Beoordeling van het besluit tot oplegging van een medisch onderzoek naar rijgeschiktheid door het CBR na verdenking van geestelijke ongeschiktheid

In deze uitspraak van de Rechtbank Zeeland-West-Brabant op 30 januari 2025, wordt het beroep van eiser tegen het besluit van het Centraal Bureau Rijvaardigheidsbewijzen (CBR) om een medisch onderzoek naar zijn rijgeschiktheid op te leggen, beoordeeld. Eiser, die eerder was aangehouden door de Koninklijke Marechaussee (KMar) wegens slingerend rijgedrag en het rijden onder invloed van alcohol, had bezwaar gemaakt tegen het besluit van het CBR. De rechtbank behandelt de feiten die hebben geleid tot het besluit van het CBR, waaronder de bevindingen van de KMar en de medische rapportages die zijn opgesteld na het onderzoek. De rechtbank concludeert dat het CBR op goede gronden het medisch onderzoek heeft opgelegd, gezien de twijfels over de geestelijke geschiktheid van eiser, die onder andere voortkwamen uit zijn eigen verklaringen over zijn geestelijke gesteldheid en het gebruik van medicatie. Eiser had aangevoerd dat het onderzoek onterecht was opgelegd, omdat uit een tegenonderzoek was gebleken dat er geen sprake was van drugsmisbruik. De rechtbank oordeelt echter dat de twijfels over de geestelijke geschiktheid van eiser, zoals verwardheid en geheugenstoornissen, voldoende grond vormden voor het opleggen van het onderzoek. De rechtbank verklaart het beroep van eiser ongegrond en bevestigt de beslissing van het CBR.

Uitspraak

RECHTBANK ZEELAND-WEST-BRABANT
Bestuursrecht
zaaknummer: BRE 24/4235

uitspraak van de enkelvoudige kamer van 30 januari 2025 in de zaak tussen

[eiser] , uit [plaats] , eiser,

en

de directie van het Centraal Bureau Rijvaardigheidsbewijzen (CBR), verweerder

(gemachtigde: [gemachtigde] ).

Inleiding

1. In deze uitspraak beoordeelt de rechtbank het beroep van eiser tegen het besluit om aan hem een medisch onderzoek naar zijn rijgeschiktheid op te leggen.
1.1.
Met het bestreden besluit van 10 april 2024 op het bezwaar van eiser is het CBR bij dat besluit gebleven.
1.2.
De rechtbank heeft het beroep op 9 januari 2025 op zitting behandeld. Hieraan hebben deelgenomen eiser en de gemachtigde van het CBR.
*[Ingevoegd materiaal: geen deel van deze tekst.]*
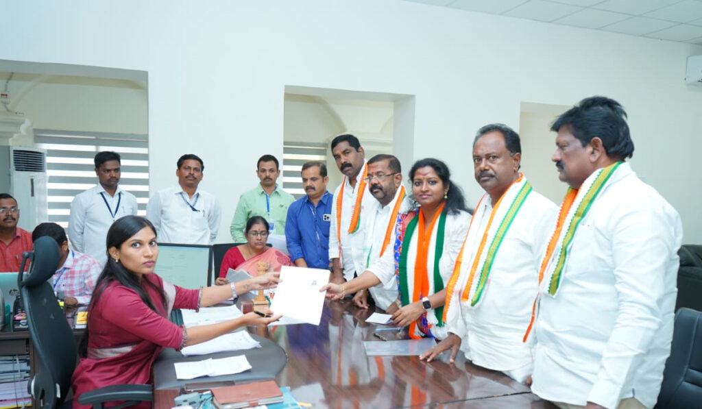 సోమవారం తోలి సెట్ నామినేషన్ ను డాక్టర్ కావ్య దాఖలు చేశారు. వరంగల్ పశ్చిమ ఎమ్మెల్యే నాయిని రాజేందర్ రెడ్డితో కలిసి భద్రకాళి అమ్మవారిని దర్శించుకొని ప్రత్యేక పూజలు చేసిన అనంతరం ఎమ్మెల్యేలు కడియం శ్రీహరి, నాయిని రాజేందర్ రెడ్డి, గండ్ర సత్యనారాయణ, కేఆర్ నాగరాజు, దొమ్మటి సాంబయ్యతో కలిసి వరంగల్ జిల్లా కలెక్టర్ కార్యలయంలో వరంగల్ పార్లమెంట్ ఎన్నికల రిటర్నింగ్ అధికారి, జిల్లా కలెక్టర్ పి. ప్రావీణ్యకి కాంగ్రెస్ పార్టీ ఎంపీ అభ్యర్థిగా డాక్టర్ కడియం కావ్య నామినేషన్ పత్రాలను దాఖలు చేశారు. ఈ కార్యక్రమంలో కాంగ్రెస్ పార్టీ ప్రజా ప్రతినిధులు, నాయకులు, కార్యకర్తలు పార్టీ శ్రేణులు తదితరులు పాల్గొన్నారు.
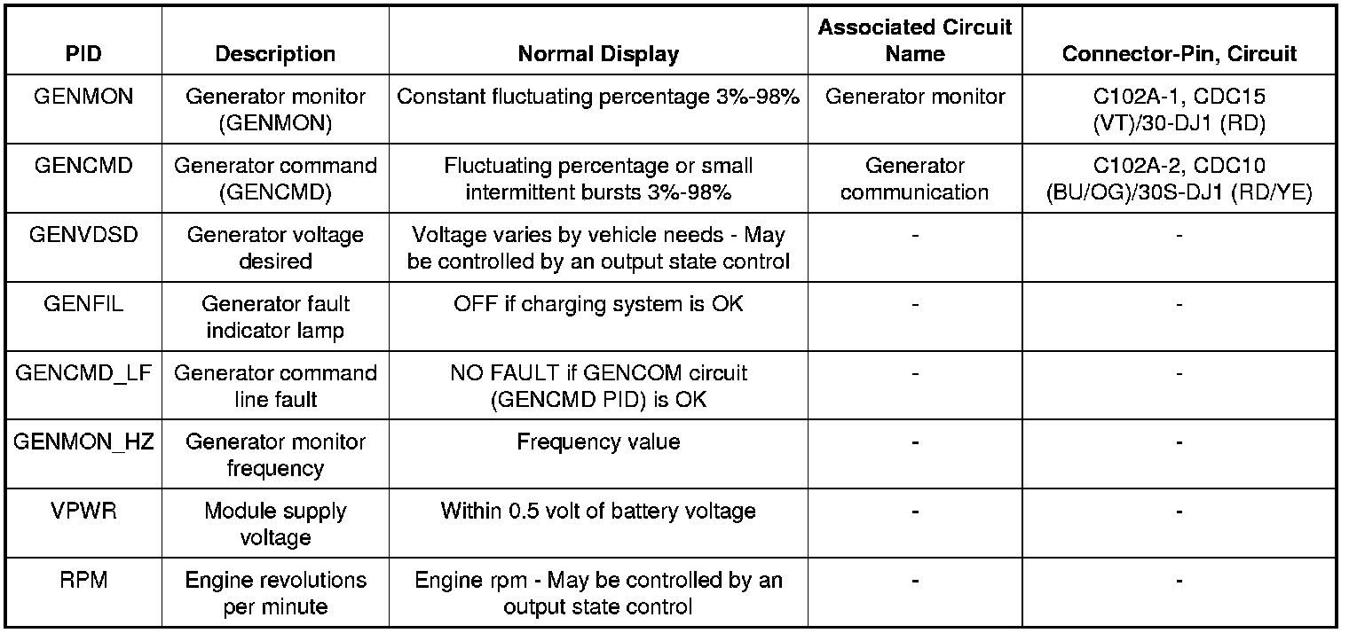 The PIDs and their associated descriptions used in charging system diagnosis are listed in the following table:
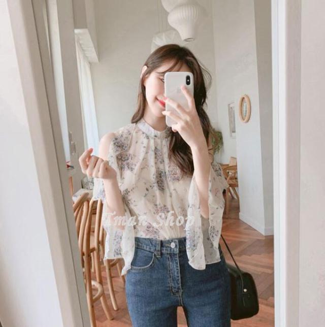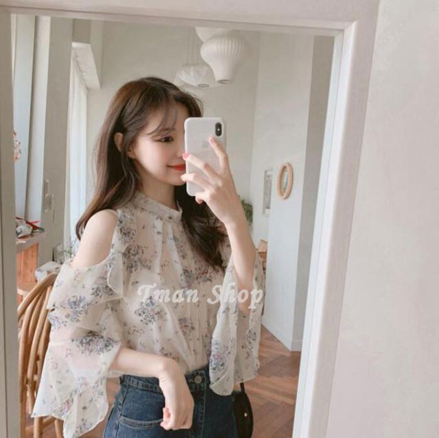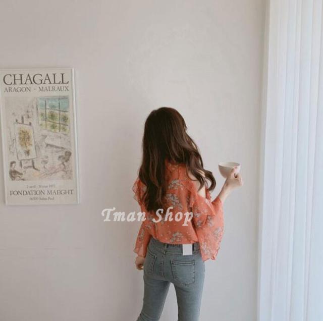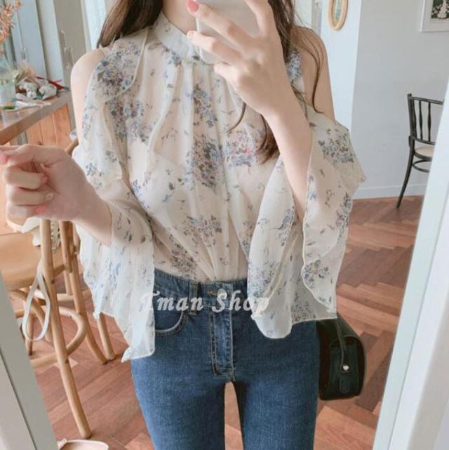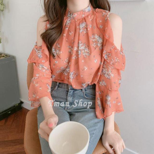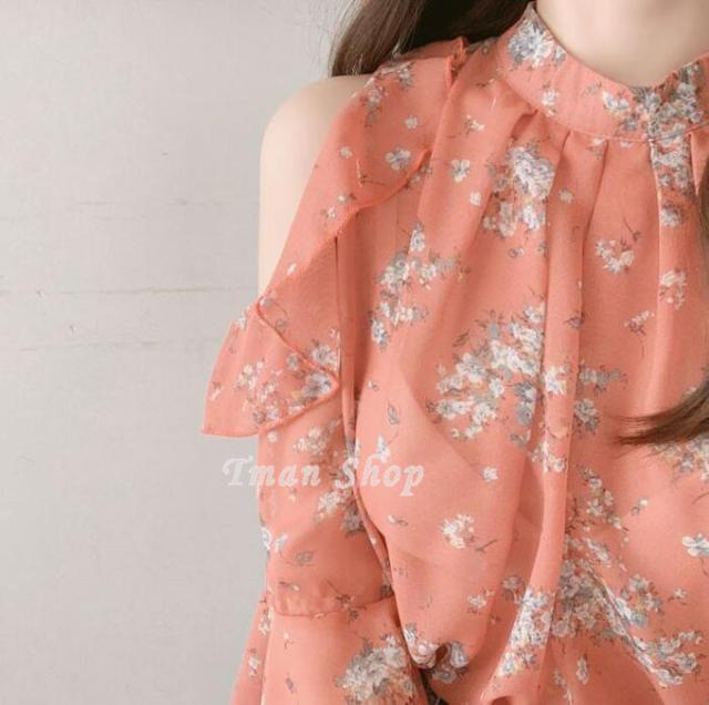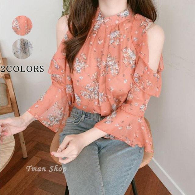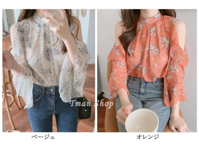 花柄ブラウス 7分袖 シフォンシャツ レデイース オフショルダー トップス ゆったり 体型カバー 痩せ フリル 可愛い 上品 大人 20代 30代 40代 通勤 通学 春夏
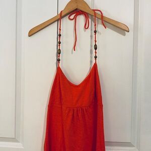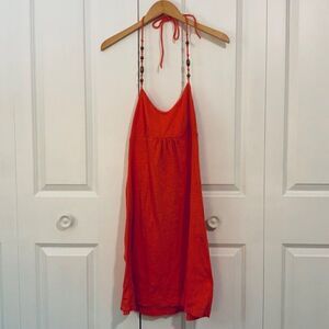 Tommy Bahama Coral Orange Sleeveless Cotton Halter Dress XS
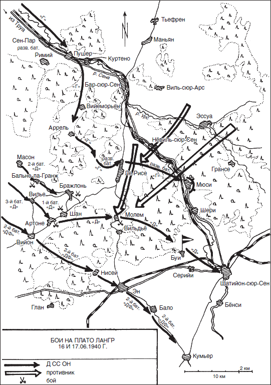 1. Враг отступает в полном беспорядке по всему фронту, очевидно за Луару. Следует ожидать, что отступающие с северо-востока вражеские колонны, обходя с обеих сторон Труа, 16 июня наткнутся на дивизию СС особого назначения.
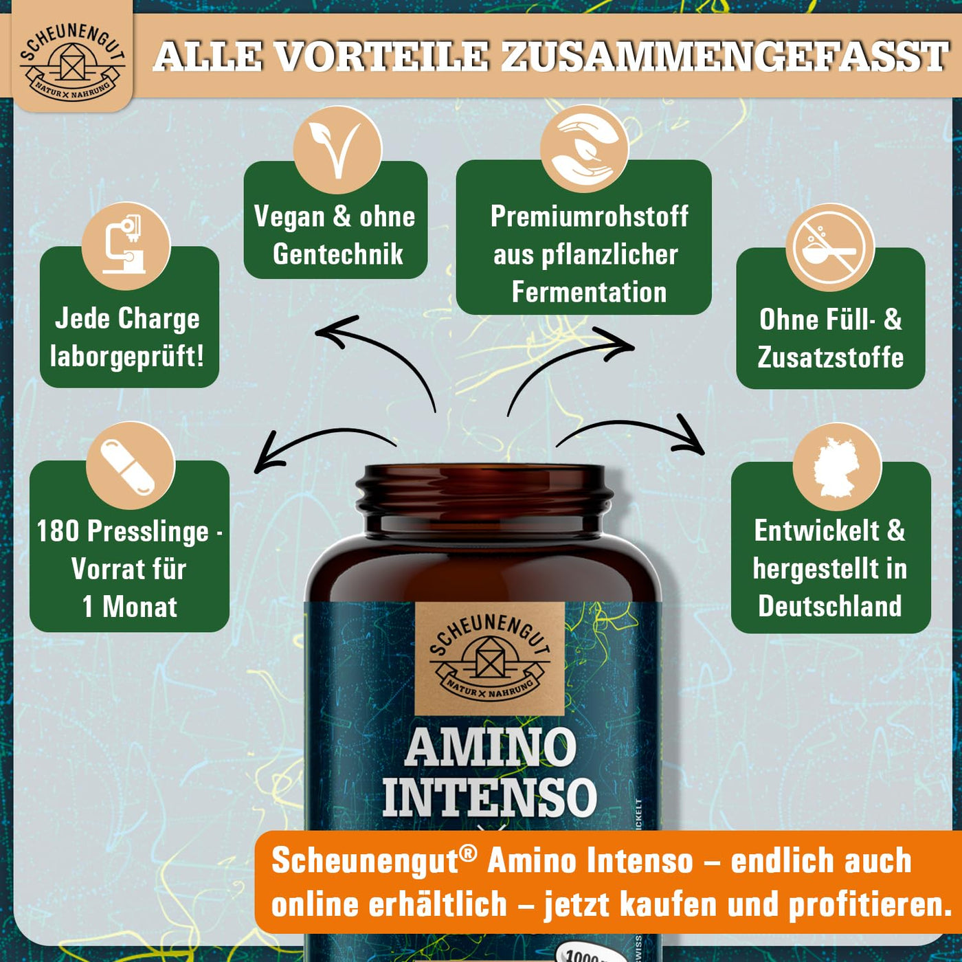 - OPTIMIZED BIOAVAILABILITY - Amino Intenso is not just an amino acid complex. All components are coordinated with one another in an ideal ratio and reinforce each other's effect. One pellet provides just as much essential amino acids as 7g of protein. 100% vegan and in its purest form - a quality promise from us to you!

Totstandkoming van het besluit

2. Uit diverse processen-verbaal van de Koninklijke Marechaussee (KMar) van 13 en 14 september 2023 volgt dat eiser op 13 september 2023 opviel bij een verbalisant omdat hij, als bestuurder van een auto, over de belijning reed en slingerend reed. Toen de Kmar hem een volgteken wilde geven en van rijstrook wisselde, verhoogde hij zijn snelheid en reed hij richting de Kmar, die voor hem moest uitwijken. Tijdens de staande houding zag de Kmar in de auto achter de bijrijdersstoel een geopend blik bier liggen. Eiser had waterige ogen en sprak warrig. Hij zei dat hij die week weed had gerookt. Zijn voertuig vertoonde meerdere deuken en krassen. Het voorlopig ademalcoholonderzoek gaf een positieve uitslag. Eiser wilde niet meewerken aan een speekseltest. Hij is aangehouden op verdenking van overtreding van artikel 8 WVW 1994.
Eiser verklaarde blijkens deze processen-verbaal dat hij bekend is met een hersenaandoening, waardoor hij vergeetachtig is en vaak in herhaling valt. Hij verklaarde ook dat hij wegens zijn medische situatie door de overheid was ingeloot in een cannabisprogramma, maar dat hij om voor hem onbekende redenen uit dit programma is gezet. Eiser gaf aan dat hij niet kon uitsluiten dat de overheid hem willens en wetens dwars zit. Eiser gaf aan dat hij veel had meegemaakt in de aflopen jaren. Hij verklaarde veel medicatie te gebruiken en wegens de ziekte kanker specifieke medicatie te gebruiken. Hij zou ook bekend zijn met jicht. Eiser begreep niet waar het idee vandaan kwam dat hij artikel 8 WVW 1994 had overschreden. Wel wilde hij zijn situatie bespreken met een arts, maar later tijdens het verhoor wees hij erop dat volgens hem de arts zich niet had geïdentificeerd. Eiser maakte op de verbalisant een verwarde indruk, anders dan te verwachten is van de invloed van alcohol of softdrugs.
Bij een bloedanalyse werd een ademalcoholgehalte van 0,67 promille (boven de grenswaarde van 0,5) geconstateerd en een THC-waarde van 1,5 ug/l.
3. Bij brief van 17 oktober 2023 is eiser in kennis gesteld van de uitslag van het
bloedonderzoek en gewezen op het recht op een tegenonderzoek.
4. Op 14 september 2023 heeft de KMar aan het CBR een mededeling als bedoeld in artikel 130 van de Wegenverkeerswet 1994 (WvW) gestuurd.
5. Bij brief van 8 november 2023 heeft het CBR aan eiser meegedeeld dat het voornemens is een medisch onderzoek naar zijn rijgeschiktheid aan hem op te leggen.
6. Bij besluit van 13 december 2023 (primaire besluit) heeft het CBR een medisch onderzoek naar de geschiktheid van eiser opgelegd en de geldigheid van zijn rijbewijs geschorst. In dit besluit staat, voor zover hier van belang:

“Waarom moet u een onderzoek laten doen?

Op basis van deze informatie twijfelen wij eraan of het nog veilig is dat u een rijbewijs heeft en deelneemt aan het verkeer. Volgens de regelgeving moet u dan een medisch onderzoek laten doen. (…)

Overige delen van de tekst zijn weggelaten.